**What is being asked:**
Give again, word for word, each line of the data from the first through the one containing "Somani, RP and". Pictures stay out.

**Source material:**
*** Begin section ***

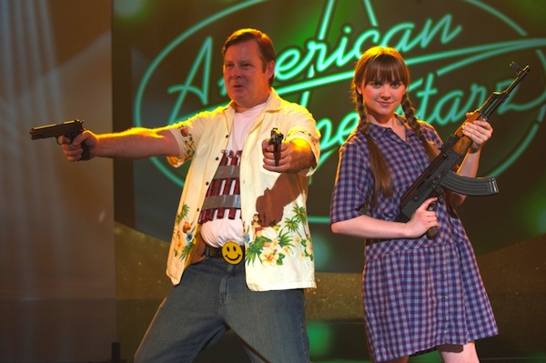 Bobcat Goldthwait’s forthrightly hateful black comedy about America’s media-propelled descent into incivility is like a long, carefully written editorial occasionally interrupted by ludicrous effusions, but Goldthwait is either too angry or too impatient to make the ludicrousness funny. Granted, it’s difficult to make cold-blooded murder humorous in any context. After divorced loser Frank (Joel Murray) is fired for “harassment” and receives a fateful medical diagnosis he contemplates suicide but decides instead to kill a stuck-up teenage reality TV star. The act impresses another teenage girl, Roxy (Tara Lynne Barr), who tags along on what turns out to be a killing spree against the rude and the crude. Victims include a caustic right-wing TV presenter, a bunch of youngsters who talk during a movie screening, a hypocritical Christian evangelist, and a guy who takes up two parking spaces and won’t apologize. Goldthwait’s complaints are specific, as are the things he likes: hot cars, documentaries, fast food, Alice Cooper. In fact, I’m surprised he has it in for Diablo Cody. They share a similar brand of misanthropy. (photo: Darko Entertainment)
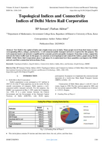 Somani, RP and Akhtar, Farhan (2025) Topological Indices and Connectivity Indices of Delhi Metro Rail Corporation. International Journal of Innovative Science and Research Technology, 10 (9): 25sep854. pp. 1384-1391. ISSN 2456-2165
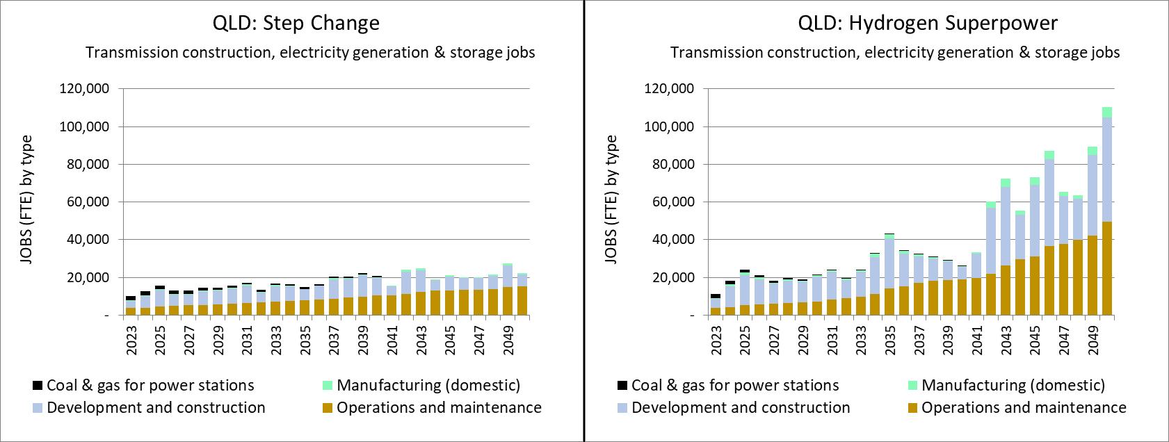 Figure 15 Queensland, jobs in transmission (Step Change, Hydrogen Superpower, Slow Change)

*** End section ***

**Answer box:**
 Bobcat Goldthwait’s forthrightly hateful black comedy about America’s media-propelled descent into incivility is like a long, carefully written editorial occasionally interrupted by ludicrous effusions, but Goldthwait is either too angry or too impatient to make the ludicrousness funny. Granted, it’s difficult to make cold-blooded murder humorous in any context. After divorced loser Frank (Joel Murray) is fired for “harassment” and receives a fateful medical diagnosis he contemplates suicide but decides instead to kill a stuck-up teenage reality TV star. The act impresses another teenage girl, Roxy (Tara Lynne Barr), who tags along on what turns out to be a killing spree against the rude and the crude. Victims include a caustic right-wing TV presenter, a bunch of youngsters who talk during a movie screening, a hypocritical Christian evangelist, and a guy who takes up two parking spaces and won’t apologize. Goldthwait’s complaints are specific, as are the things he likes: hot cars, documentaries, fast food, Alice Cooper. In fact, I’m surprised he has it in for Diablo Cody. They share a similar brand of misanthropy. (photo: Darko Entertainment)
 Somani, RP and Akhtar, Farhan (2025) Topological Indices and Connectivity Indices of Delhi Metro Rail Corporation. International Journal of Innovative Science and Research Technology, 10 (9): 25sep854. pp. 1384-1391. ISSN 2456-2165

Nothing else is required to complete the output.